Regarding damages to crop and property, we summarize and look for total numbers:
yearsum2<-topmost %>%
filter(AFFECTED== "material") %>%
group_by(TypeofDamage, EVTYPE, year)%>%
filter_out(EVTYPE== "thunderstorm" | EVTYPE=="heat") %>%
summarise(total=sum(counts), mean=mean(counts), n=n(), .groups = "drop_last")
yearsum2 %>%
slice_max(total, n=1)
## # A tibble: 8 × 6
## # Groups: TypeofDamage, EVTYPE [8]
## TypeofDamage EVTYPE year total mean n
## <chr> <chr> <dbl> <dbl> <dbl> <int>
## 1 CROPS drought 2000 2438100 19662. 124
## 2 CROPS flood 1993 5179773. 3223. 1607
## 3 CROPS hurricane/typhoon 2005 2012682 42823. 47
## 4 CROPS tornado 2005 82105. 61.1 1343
## 5 PROPERTY drought 2003 645150 12407. 52
## 6 PROPERTY flood 2006 118704535. 30159. 3936
## 7 PROPERTY hurricane/typhoon 2005 49786635 1059290. 47
## 8 PROPERTY tornado 2011 9819601. 4480. 2192
ggplot(yearsum2, aes(x=year, y= total, color=TypeofDamage)) + geom_line() + facet_wrap(vars(EVTYPE), scales="free") + labs(y= "Annual damage (in thousands of dollars)")
Annual damage to crops and property, 1950-2011
Crop damage seems steady for all types of events over time, except for drought, where four peaks can be seen between 1995 and 2006. Floods and hurricanes/typhoons have caused the largest damage in property in years 2005 and 2006, where 47 hurricanes and typhoons left total property damages of over 49 billion dollars, and 3936 floods left a total damage of 118 billion dollars. in 2011, tornadoes were exceptionally destructive, causing 9 billion dollars worth of damages to property.

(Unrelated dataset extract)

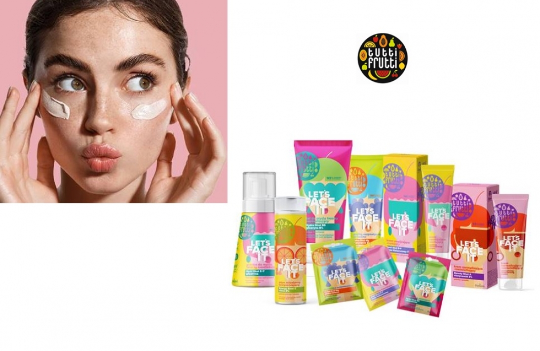 Rozkoszna pielęgnacja z kosmetykami Tutti Frutti skradła mnóstwo serc. Teraz, na tych, którzy pokochali niespotykane i intrygujące połączenia owoców z ziołami i odżywczymi shotami, czeka prawdziwe zaskoczenie! W odpowiedzi na potrzeby konsumentów marka Tutti Frutti rozszerza swoje portfolio o nową linię produktów do kompleksowej pielęgnacji twarzy – Let’s Face It. Kosmetyki posiadają innowacyjne, multifunkcyjne formuły o wysokim indeksie substancji pochodzenia naturalnego (minimum 93%), a do tego są w 100% wegańskie. Dzięki mocy składników aktywnych takich jak, niacynamid, gliceryna, papaina, aloes, kwas hialuronowy czy zielona glinka możesz osiągnąć efekty o jakich zawsze marzyłaś.

We look into the events that cause the most damage and check which states are more at risk:
topmost %>%
group_by(EVTYPE, STATE) %>%
summarise(n=n(), .groups = "drop_last") %>%
slice_max(n, n=1)
## # A tibble: 6 × 3
## # Groups: EVTYPE [6]
## EVTYPE STATE n
## <chr> <chr> <int>
## 1 drought TX 1732
## 2 flood TX 37988
## 3 heat AL 972
## 4 hurricane/typhoon FL 276
## 5 thunderstorm TX 93568
## 6 tornado TX 33152
Across the US, the state of Texas has been the most affected by drought, flood, thunderstorm, and tornadoes. Alabama shows the highest incidence of events related to heat. Finally, Florida shows the highest number of hurricanes/typhoons in the country.